Шоссе нырнуло в густые аллеи берез. Высокие деревья с обеих сторон наклонились над дорогой, будто белесые две стены охраняют проезжих от ветра, а вверху, где сходятся они, — сплошная зеленая крыша, вроде от дождя. Зеленый тоннель лишь изредка обрывается, чтобы пропустить под деревянным мостом светлую речушку или чтобы на проезжих взглянула окнами в резных наличниках старинная деревня, а то и просто один-единственный домик — не то лесника, не то дорожного мастера.
За светлой березовой стеной мелькают поля вперемежку с болотами, густые леса с редкими полянами.
Кузов нашей полуторки уже битком набит пассажирами.
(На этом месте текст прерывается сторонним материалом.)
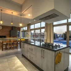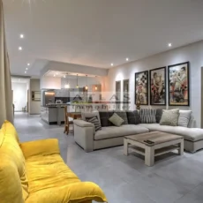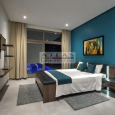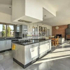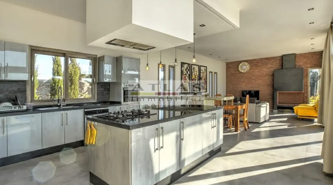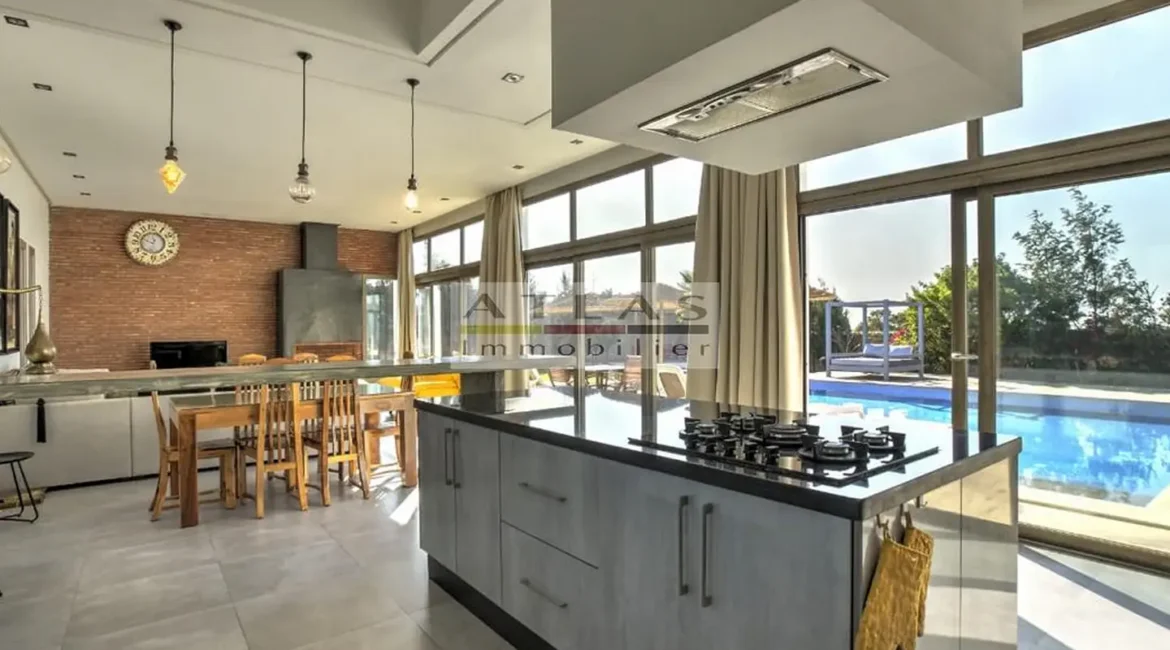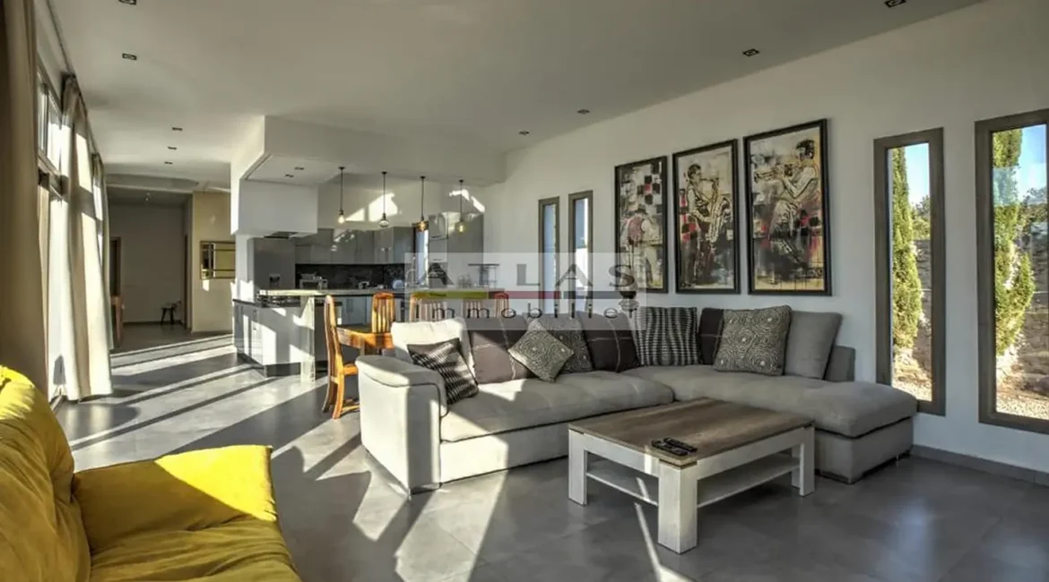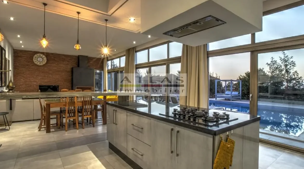 La villa dispose de quatre chambres spacieuses, chacune avec sa salle de bain privative, dont une suite parentale pensée pour offrir intimité et confort. Sa cuisine américaine, entièrement équipée, s’ouvre sur un vaste salon inondé de lumière grâce à ses larges baies vitrées tournées vers l’extérieur.

Сегодня суббота, работ в середине июня не так уж много, а надо подготовиться к сенокосу, к уборке, и люди едут на базар. Женщины говорят о чем-то своем, мужчины толкуют о хороших косах, которые привезли в хозмаг, ругают кого-то за плохие точильные бруски.
— Один песок, да и только…
Седой дед, примостившийся на скамейке возле меня, укоризненно качает головой:
— Э-э, милые! Так можно век прожить и косу ни разу не наточить. Я вам расскажу, вот послушайте… — Но машина как раз въезжает на мост, и дед молчит с минуту. — С четырнадцати лет я пользуюсь клинкерным кирпичом с довского шоссе заместо бруска…
— О-о, так его не разобьешь и в голенище не сунешь. Да и шоссе опять-таки…
— Захочешь — обточишь, ежели ты косарь. — Дед замолк и тут же повернулся ко мне, дышит табачным дымом: — А что мы сами себе добра не хотим? С краю берем кирпич тот, а заместо его другой кладем. Да что тебе говорить! Ты и косы в руках не держал.
Хотел было сказать, что, хотя я и учитель, каждое лето косить приходится. Но в это время лес расступился, и широкий приднепровский луг в синих рукавах стариц и озер раскинулся перед нами. Насыпь поднималась все выше. И вот впереди сверкнул широкой полосой серебристо-голубой Днепр. За ним длинной линией выдвинулись большие дома.
Рогачев! Говорят, что назвали его так потому, что он стоит в углу, образованном впадением Друти в Днепр, так сказать, на «рогу».
Дважды в год я бывал в здешнем институте на сессиях. Что же принесет мне нынешняя, последняя? А вдруг не последняя? Вдруг «срежусь» на экзаменах. Хотя на прежних сессиях у меня не было ни одного провала. И к этой готовился каждый день: перечитал и законспектировал все, что рекомендовали преподаватели.
Машина остановилась на площади, и уже минут через десять я здоровался с Барабановым. Загорел мой Петр как негр. И когда он успел? Учится на стационаре, сейчас сдает экзамены, казалось бы, не до пляжа. А я будто из заснеженных краев явился. Да и откуда быть загару: целый день в школе, вечера за тетрадками, учебниками, книгами. В воскресенье можно поваляться на солнышке, но не разрешают врачи.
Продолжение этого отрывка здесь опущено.